Do change management models guarantee successful organizational change?

No framework guarantees success, period. Change management models significantly improve success rates—structured approaches achieve objectives 33% more frequently than unstructured methods—but they don’t eliminate risk or uncertainty. Success depends on factors beyond the model itself: consistent application quality, adequate resource allocation, genuine leadership commitment, and intelligent adaptation to your specific context. Think of models as detailed maps. They show proven routes and highlight common obstacles, but execution quality determines whether you reach your destination. Organizations selecting appropriate models, training teams thoroughly, and following through consistently achieve dramatically higher success rates than those improvising without structured guidance.

Change management frameworks convert vague organizational aspirations into concrete, actionable roadmaps. Whether you select Lewin’s straightforward three stages, Kotter’s detailed eight steps, ADKAR’s individual psychology focus, or Prosci’s research-backed comprehensive methodology, your chosen framework should align with organizational size, culture, available resources, and change complexity.

The most effective framework isn’t always the most sophisticated one—it’s whichever model your organization will actually apply consistently.
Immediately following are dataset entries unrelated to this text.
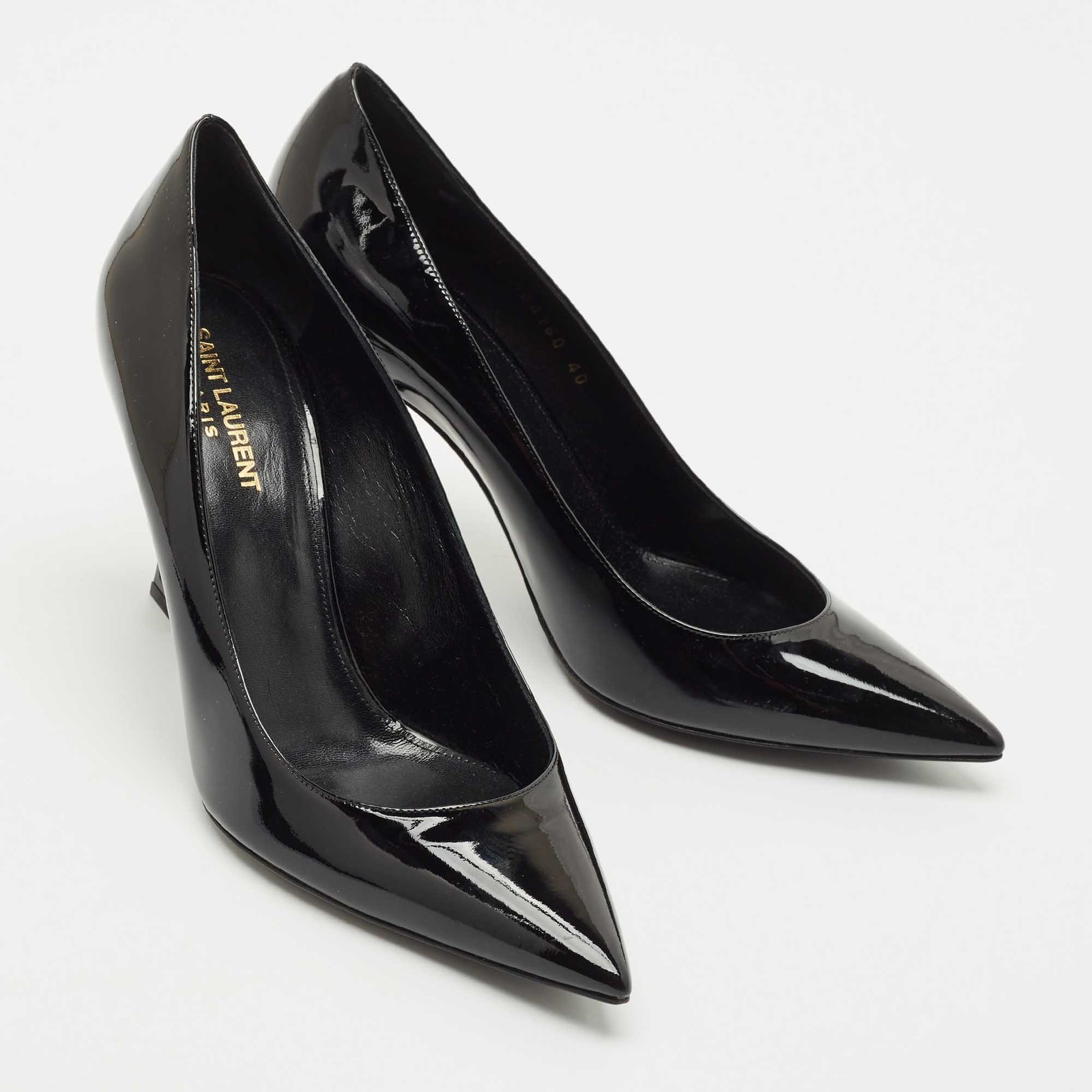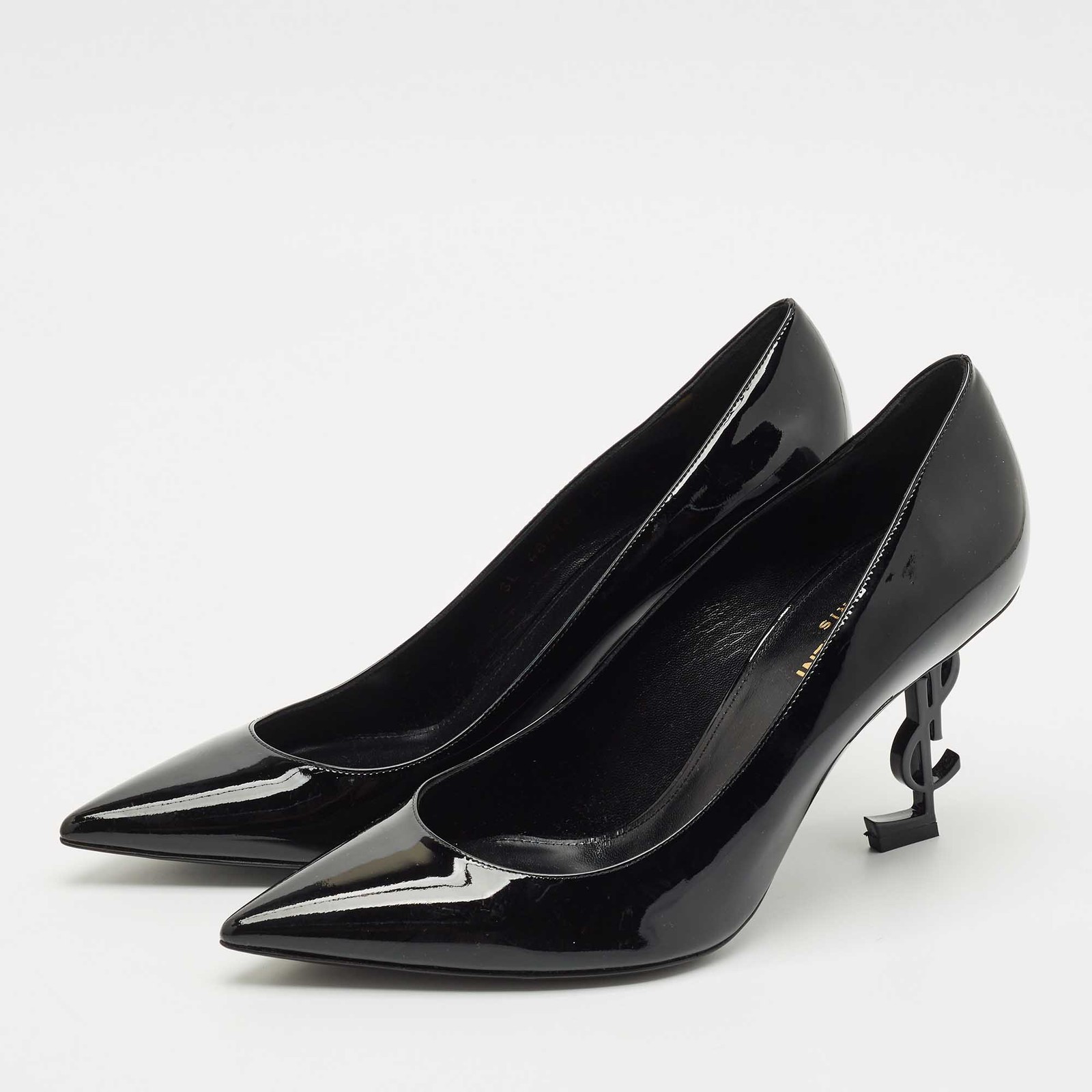 The fashion house’s tradition of excellence, coupled with modern design sensibilities, works to make these YSL heels a fabulous choice. Theyll help you deliver a chic look with ease.Certified by The Luxury Closet - This item has gone through a detailed authentication process overseen by our experts. We offer a lifetime guarantee of authenticity on all our items. Import duties, taxes and charges are not included in the item price. These charges are the buyers responsibility. Please check with your country’s customs office to determine what these additional cost will be prior to buying. Our eBay Store About Us Contact Us Add to Favorite Sellers Saint Laurent Black Patent Leather Opyum Pointed Toe Pumps Size 40 $884.4 The fashion house’s tradition of excellence, coupled with modern design sensibilities, works to make these YSL heels a fabulous choice. Theyll help you deliver a chic look with ease. Product Details Brand Color Black Dimensions Material Patent Leather Size 40 Outsole Width Outsole Length Heel Height Includes Certified by The Luxury Closet This item has gone through a detailed authentication process overseen by our experts. We offer a lifetime guarantee of authenticity on all our items. How We Check The in-house team of experts at The Luxury Closet is highly trained to verify the authenticity and the condition of the luxury products. They ensure that only 100% authentic items are put on sale.The evaluation process is unique with its own mix of assessment criteria and differs according to the category. Each item is evaluated based on the following combination of hallmarks, hardware, stitching, symmetry, material, craftsmanship, stamping, codes, hologram stickers, and packaging. Our authenticators also check if the items have been modified or amended (e.g., aftermarket diamonds, replaced batteries, repaired bags, etc.) International Buyers Import duties, taxes and charges are not included in the item price. These charges are the buyers responsibility. Please check with your country’s customs office to determine what these additional cost will be prior to buying.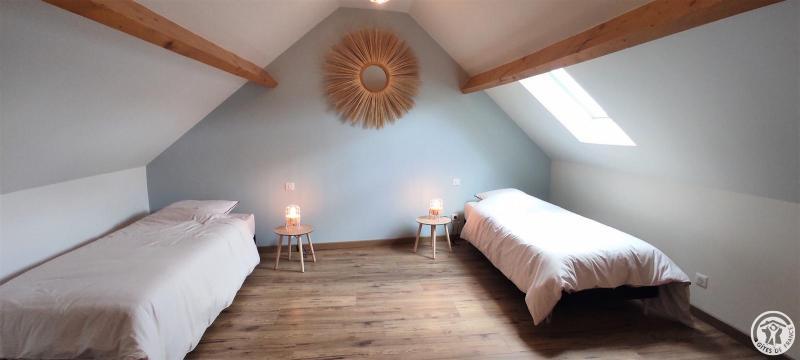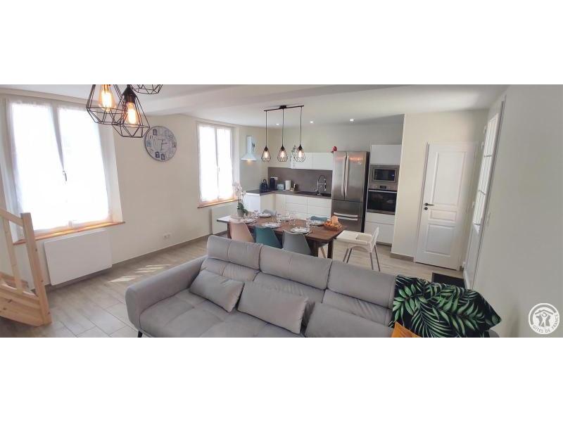 Gite indépendant de 80m² aménagé sur 2 niveaux pour 6 personnes ( 3 chambres / 5 couchages indépendants). Rez-de-chaussée : Grande pièce de vie ouverte composée d'une cuisine équipée donnant sur la terrasse (Réfrigérateur / congélateur - lave-vaisselle, micro-onde, four, cafetières dosette et filtre ), séjour/ salon avec TV (80 cm) . 1 chambre pour 2 personnes (2 lits 90x200 cm modulables en 1 lit 180x200 cm), Salle d'eau avec grande douche (1.10 x 0.80), meuble vasque, sèche cheveux, combiné lave linge/ sèche linge et WC. Etage : 1 chambre pour 2 personnes (2 lits 90x200 cm modulables en 1 lit 180x200 cm), 1 chambre pour 2 personnes ( 1 lit 160x200 cm), lit bébé . Wc indépendant à l'étage Matériel bébé à disposition : table à langer, lit et chaise haute, baignoire, réducteur, jeux pour enfants. Terrasse de 33 m² avec salon de jardin et salon de détente . Parasol. Stationnement dans la rue devant le gite. Tout est compris, seul le ménage de fin de séjour est en option.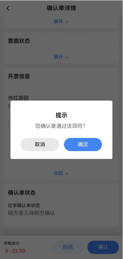 如藍(lán)字發(fā)票為web端開具的紙質(zhì)發(fā)票,在移動端發(fā)起確認(rèn)單或在web端選擇“與原藍(lán)票一致票種的紙質(zhì)發(fā)票”發(fā)起確認(rèn)單,在移動端確認(rèn)時,點擊【確認(rèn)】后,彈出“您確認(rèn)要通過該項嗎?”的提示。點擊【確定】后,提示確認(rèn)成功,還需在web端的【紅字發(fā)票業(yè)務(wù)】-【紅字發(fā)票開具】中點擊【去開票】才能成功開具紅字發(fā)票。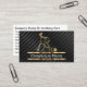 Upscale cleaning service business cards you can customize with powerful two side design that includes includes a simulated gold maid cleaning symbol along with gold printed line accents and text layout you can customize on a striped black line background. Designed for a cleaning service, maid, housekeeper, office cleaning business, or carpet cleaning.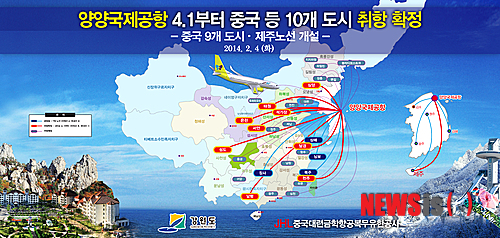 강원도에 따르면 양양국제공항에서 4월1일부터 6월말까지 중국 요녕성 등 9개 도시와 제주를 연결하는 10개 취항도시가 확정돼 공항 활성화에 탄력을 받게 됐다.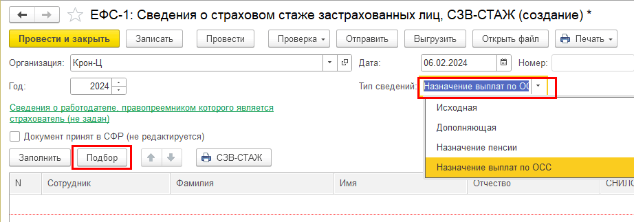 Добавлен новый тип сведений подраздела 1.2 "Назначение выплат по ОСС". Сотрудников в него необходимо добавлять подбором. Если введен больничный по беременности и родам или отпуск по уходу – заполняется стаж до начала как обычно и указывается в стаже первый день больничного или отпуска по уходу. Также такие сотрудники будут попадать в итоговую форму за год с типом Исходная.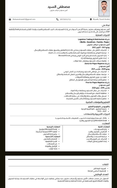 منسق اداري لدي خبرة في الأعمال المكتبية مثل ادخال البيانات، ترتيب الملفات، ومتابعة المهام اليومية. متمكن استخدام Excel في اعداد الجداول والتقارير والتعامل مع البيانات، ولدي معرفة في انشاء تقارير مبسطة باستخدام Power BI. أتعامل بشكل ممتاز مع الكمبيوتر وبرامج Office، لغتي الانجليزية جيدة جدا، وأتميز بالالتزام وسرعة التعلم. مقيم في مكة، سوداني مواليد السعودية إقامة قابلة للنقل، وجاهز للمباشرة فورا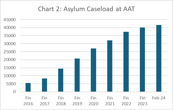 Total undecided asylum applications at the AAT hit a new record of 41,648 (see Chart 2). Even with the additional funds allocated to the AAT to process its asylum backlog more quickly, the faster processing at the primary stage is likely to new asylum applications to the AAT will remain high and the backlog at the AAT will continue to grow for much of 2024.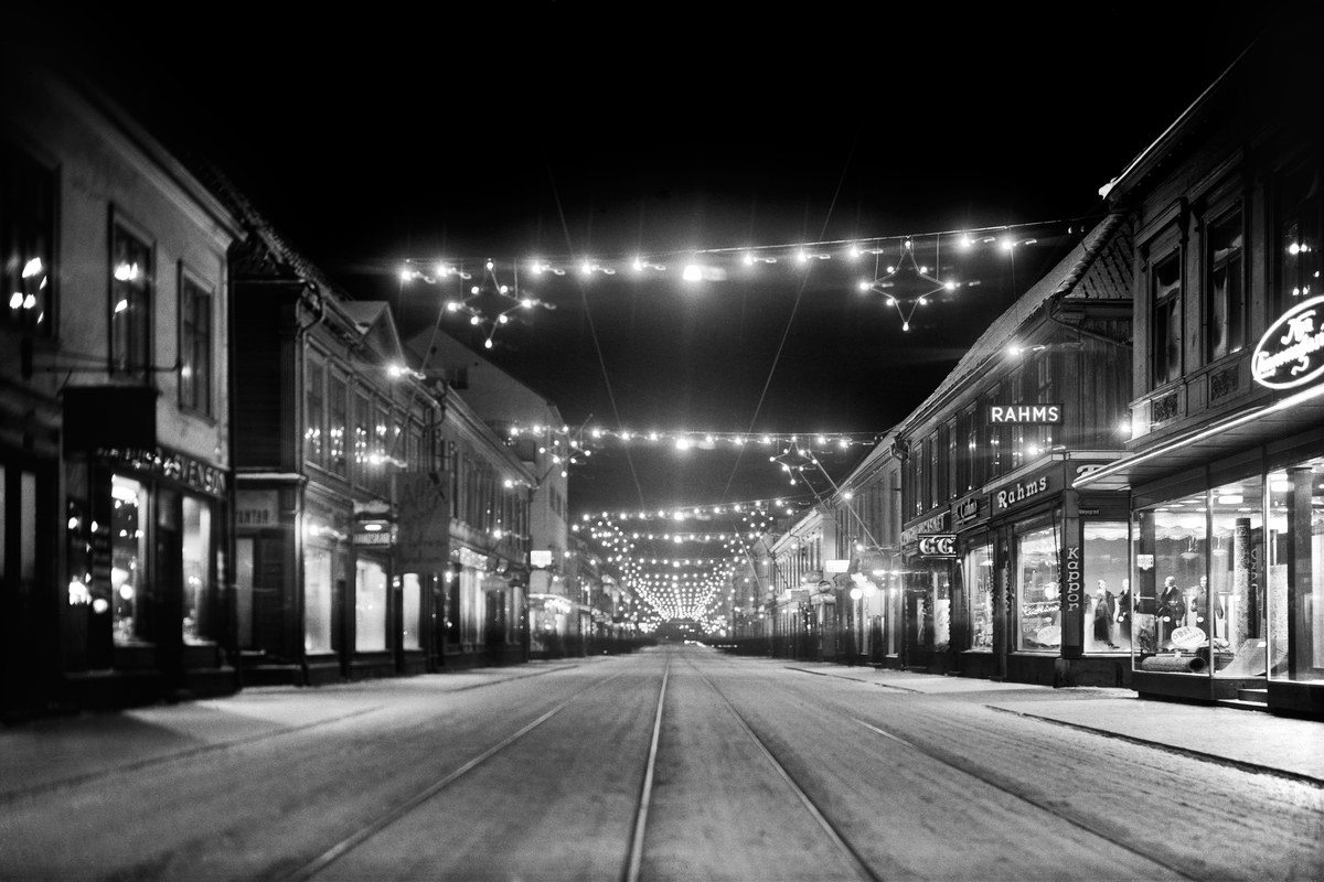 Julbelysning på Östra Storgatan i Jönköping med spårvagnsspår i förgrunden. Bilden är tagen från Hovrättstorget västerut.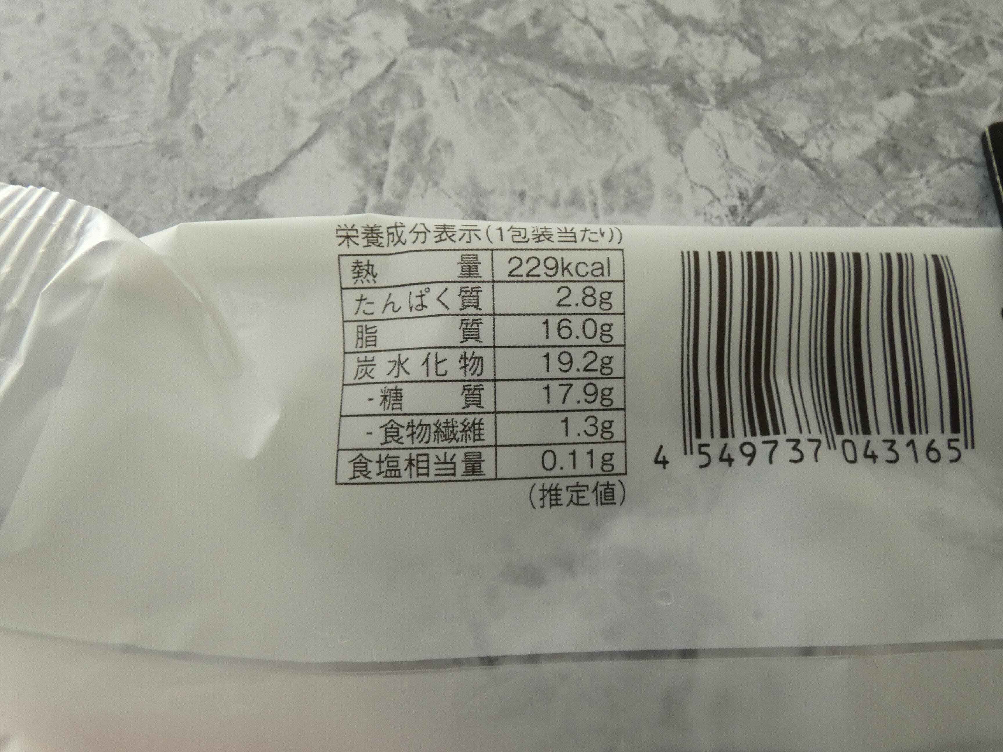 栄養成分表示を見ると1個のエネルギーは229kcal。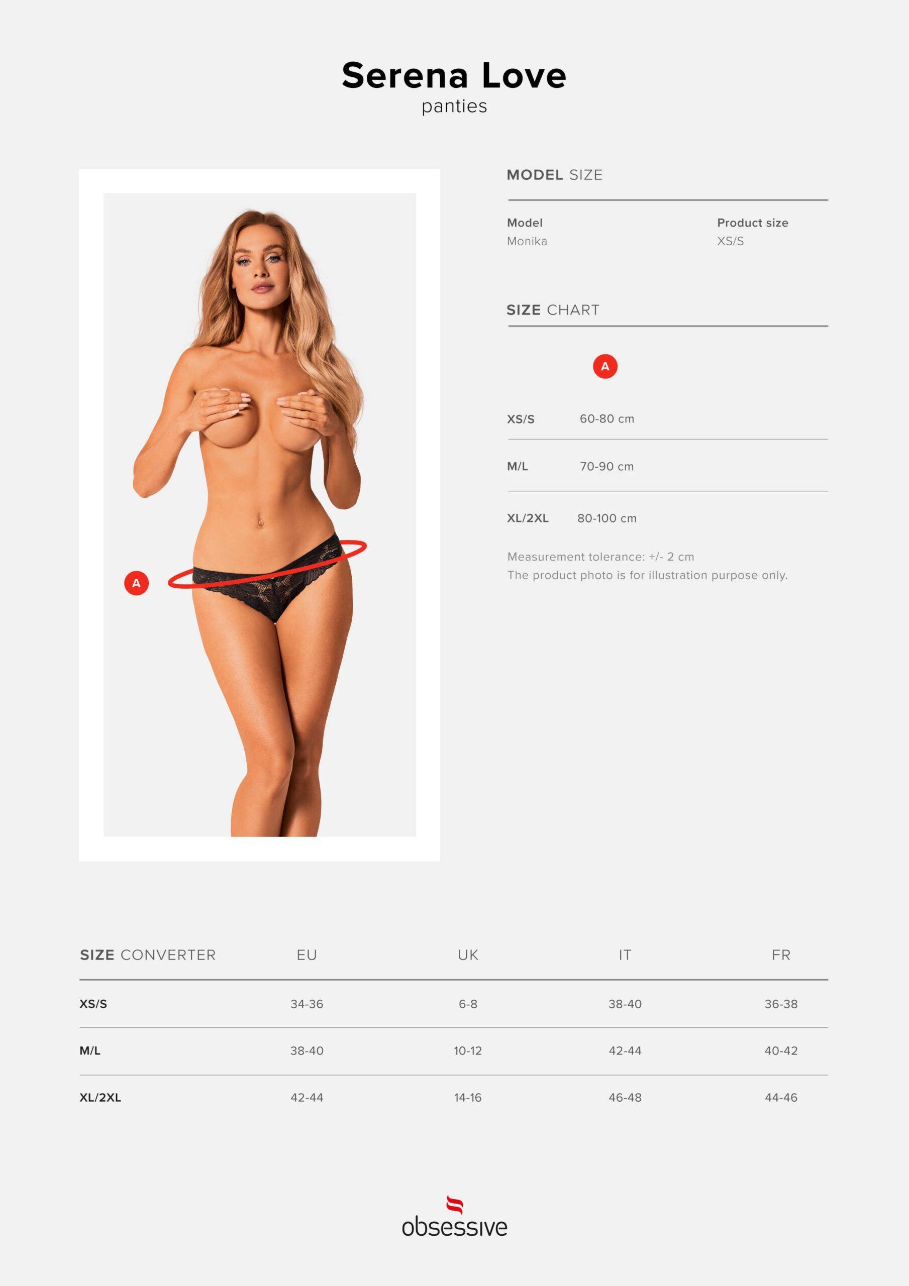 Culotte Serena Love Les culottes Serena Love féminines et extrêmement tentantes décoreront votre corps, ajoutant du sex-appeal. La coupe profonde et audacieuse allongera vos jambes et mettra joliment en valeur vos fesses. De tels sous-vêtements vous empêcheront de penser à ce qui vous attend le soir tout au long de la journée Découvrez plus de détails :- Culotte Serena Love en dentelle fleurie- pendentif brillant sur le devant- coupe profonde à l'arrière - jambes allongées optiquement- tissus agréables au toucher (90% polyamide, 10% élasthanne)

A straightforward model executed thoroughly delivers better results than a complex framework applied inconsistently. Begin with honest assessment of change scope, available resources, and organizational readiness. Match these realities to framework strengths, train your team on the selected approach, and commit to following it through every phase.

These models enhance rather than replace sound judgment. They provide structure and minimize risk, but success ultimately requires leadership commitment, transparent communication, and genuine attention to how change affects real people. Organizations investing in structured change approaches navigate transitions more effectively, maintain employee engagement, and reach intended goals faster than competitors relying solely on intuition and improvisation.